Start of SUPPLIED DATA
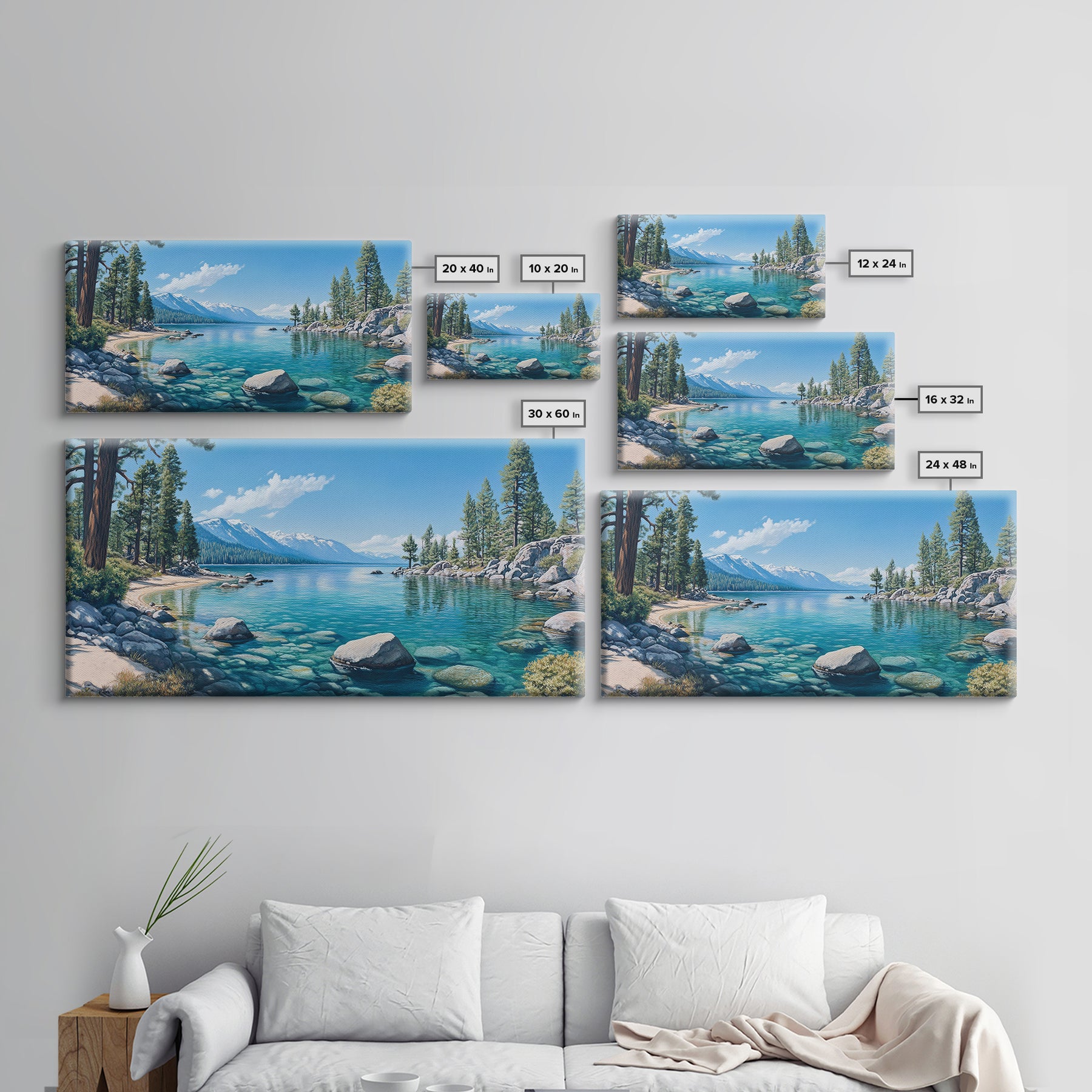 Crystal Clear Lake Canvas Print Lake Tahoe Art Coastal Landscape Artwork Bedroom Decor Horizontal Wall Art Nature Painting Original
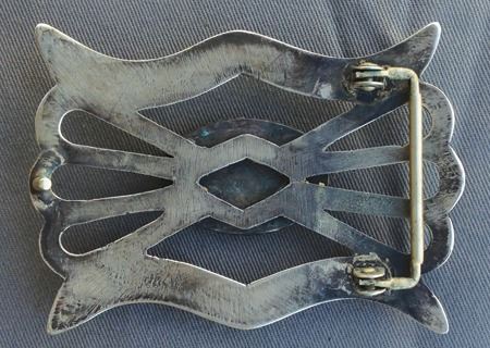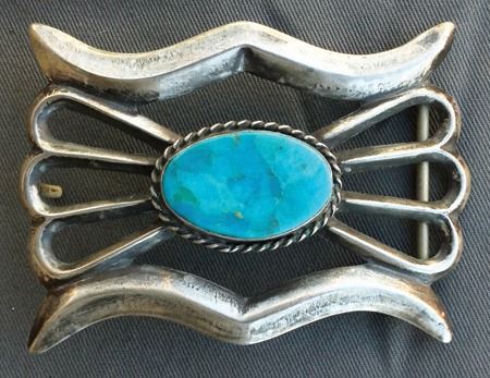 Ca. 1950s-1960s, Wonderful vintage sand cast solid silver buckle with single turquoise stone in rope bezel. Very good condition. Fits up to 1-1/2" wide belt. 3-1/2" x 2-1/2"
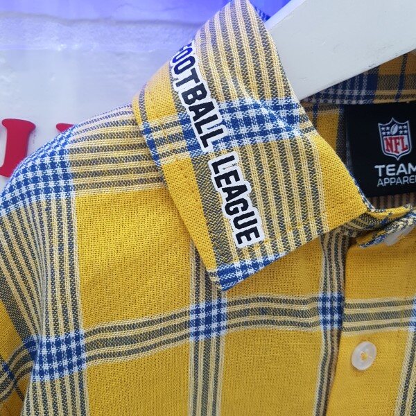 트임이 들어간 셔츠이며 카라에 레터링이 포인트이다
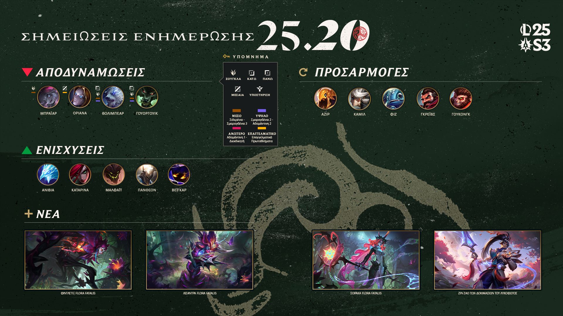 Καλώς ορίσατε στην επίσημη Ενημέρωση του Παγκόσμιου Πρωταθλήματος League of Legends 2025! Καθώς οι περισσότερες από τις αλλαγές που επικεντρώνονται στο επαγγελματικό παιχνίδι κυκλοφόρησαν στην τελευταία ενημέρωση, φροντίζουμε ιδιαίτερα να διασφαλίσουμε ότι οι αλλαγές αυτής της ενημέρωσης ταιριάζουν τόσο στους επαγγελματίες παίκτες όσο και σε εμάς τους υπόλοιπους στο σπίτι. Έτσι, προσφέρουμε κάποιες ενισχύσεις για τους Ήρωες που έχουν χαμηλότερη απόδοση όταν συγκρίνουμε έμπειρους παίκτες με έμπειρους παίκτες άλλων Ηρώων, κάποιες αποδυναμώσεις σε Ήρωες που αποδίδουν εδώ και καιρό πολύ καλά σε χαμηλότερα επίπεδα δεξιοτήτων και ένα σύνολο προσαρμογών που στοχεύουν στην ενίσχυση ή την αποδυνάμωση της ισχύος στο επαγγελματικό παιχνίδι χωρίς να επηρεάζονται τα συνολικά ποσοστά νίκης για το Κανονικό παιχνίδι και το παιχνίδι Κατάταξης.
End of SUPPLIED DATA
→ TASK STATEMENT: Word for word, write out the full listing, leaving the pictures aside.

→ TASK OUTPUT:
 Crystal Clear Lake Canvas Print Lake Tahoe Art Coastal Landscape Artwork Bedroom Decor Horizontal Wall Art Nature Painting Original
 Ca. 1950s-1960s, Wonderful vintage sand cast solid silver buckle with single turquoise stone in rope bezel. Very good condition. Fits up to 1-1/2" wide belt. 3-1/2" x 2-1/2"
 트임이 들어간 셔츠이며 카라에 레터링이 포인트이다
 Καλώς ορίσατε στην επίσημη Ενημέρωση του Παγκόσμιου Πρωταθλήματος League of Legends 2025! Καθώς οι περισσότερες από τις αλλαγές που επικεντρώνονται στο επαγγελματικό παιχνίδι κυκλοφόρησαν στην τελευταία ενημέρωση, φροντίζουμε ιδιαίτερα να διασφαλίσουμε ότι οι αλλαγές αυτής της ενημέρωσης ταιριάζουν τόσο στους επαγγελματίες παίκτες όσο και σε εμάς τους υπόλοιπους στο σπίτι. Έτσι, προσφέρουμε κάποιες ενισχύσεις για τους Ήρωες που έχουν χαμηλότερη απόδοση όταν συγκρίνουμε έμπειρους παίκτες με έμπειρους παίκτες άλλων Ηρώων, κάποιες αποδυναμώσεις σε Ήρωες που αποδίδουν εδώ και καιρό πολύ καλά σε χαμηλότερα επίπεδα δεξιοτήτων και ένα σύνολο προσαρμογών που στοχεύουν στην ενίσχυση ή την αποδυνάμωση της ισχύος στο επαγγελματικό παιχνίδι χωρίς να επηρεάζονται τα συνολικά ποσοστά νίκης για το Κανονικό παιχνίδι και το παιχνίδι Κατάταξης.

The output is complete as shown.